:: Source material ::
_ _ _
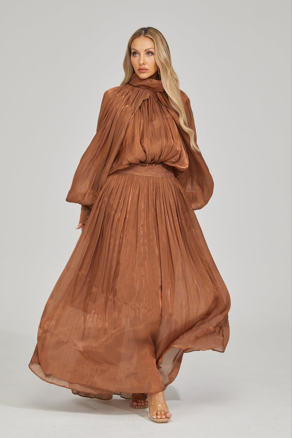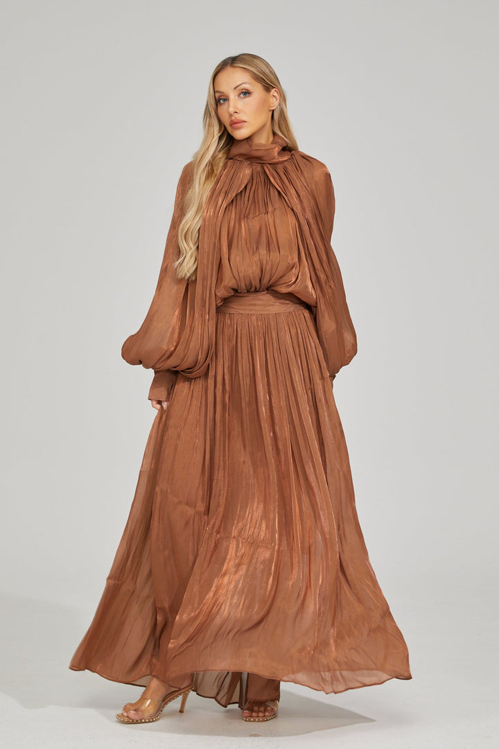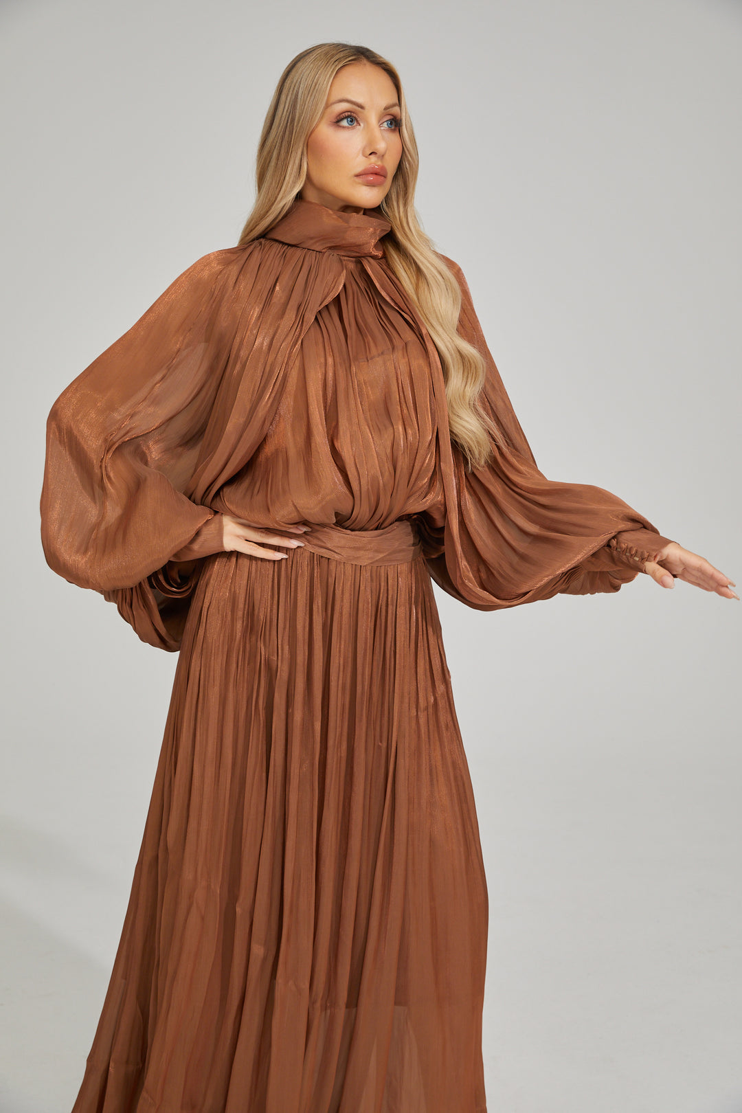 Step into luxurious elegance with the Julissa Golden Hour Flow Maxi Dress. Crafted from silky, pleated fabric in a warm, earthy brown tone, this dress features a high neck with delicate pleating that flows into a relaxed silhouette. The long sleeves with elastic cuffs add a soft, romantic touch, while the flowing skirt gently moves with each step, creating an ethereal, graceful look. Perfect for an evening event or a special gathering, this dress exudes understated sophistication and timeless beauty, making you feel both confident and captivating.
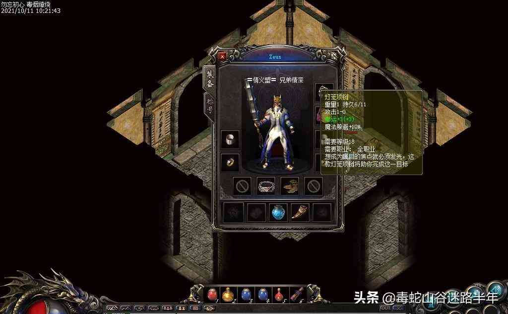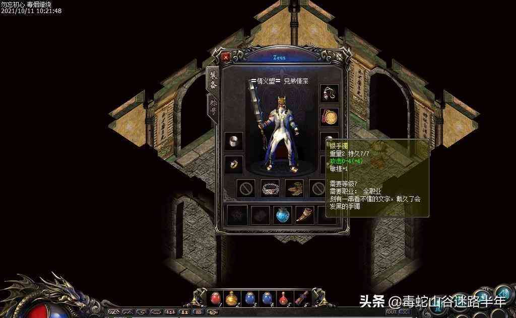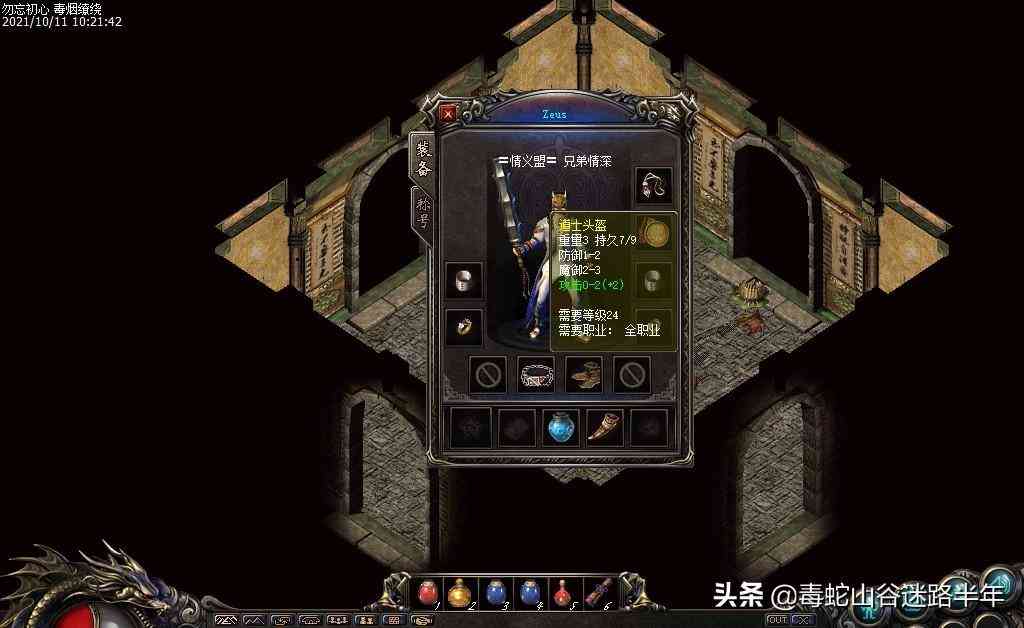 攻擊0-2、持久9,將就用吧,反正也是掛機(jī)裝。并不是人人都有水若寒那種攻5的,老蛇今天特意去看了一下拍賣行的價(jià)格,攻4的道士頭盔,價(jià)值1個(gè)多!
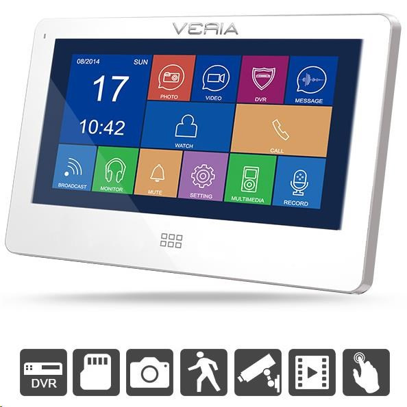 VERIA 7077 ponúka svojmu používateľovi komfortnú kombináciu videotelefonu a jednoduchého DVR monitorovacieho systému s možnosťou zachytenia snímku alebo video záznamu využívajúceho napríklad tak sofistikované funkcie, ako je detekcia pohybu alebo podpora pripojenia externých CCTV kamier na sledovanie okolia.
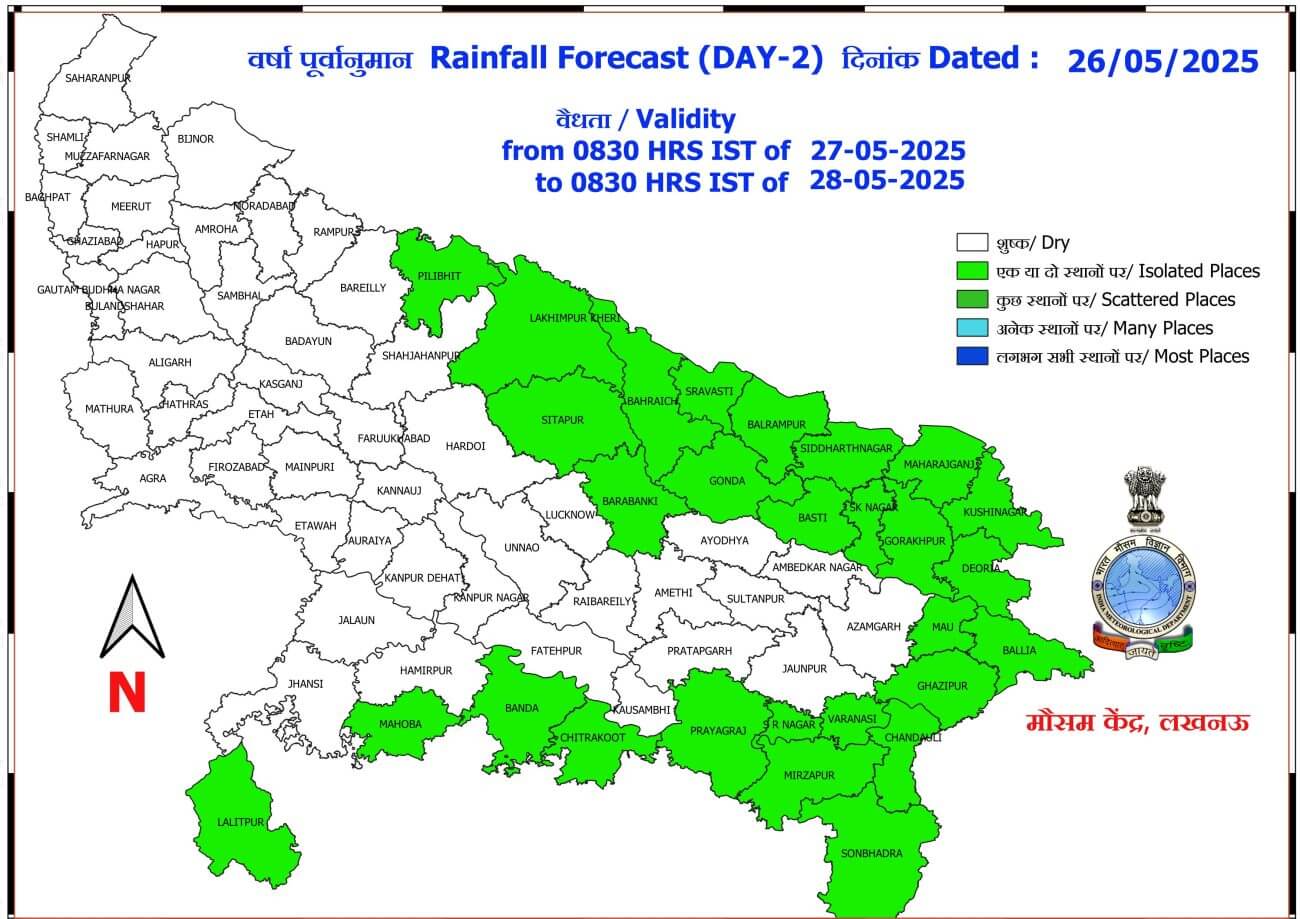 - 30 मई और 31 मई को पश्चिमी यूपी में कहीं-कहीं और पूर्वी यूपी में कुछ स्थानों पर बारिश हो सकती है।
_ _ _
Starting with the line that holds "VERIA 7077 ponúka", repeat exactly every line through the end of the material above, both ends included, without the pictures.

:: Response to this exercise ::
 VERIA 7077 ponúka svojmu používateľovi komfortnú kombináciu videotelefonu a jednoduchého DVR monitorovacieho systému s možnosťou zachytenia snímku alebo video záznamu využívajúceho napríklad tak sofistikované funkcie, ako je detekcia pohybu alebo podpora pripojenia externých CCTV kamier na sledovanie okolia.
 - 30 मई और 31 मई को पश्चिमी यूपी में कहीं-कहीं और पूर्वी यूपी में कुछ स्थानों पर बारिश हो सकती है।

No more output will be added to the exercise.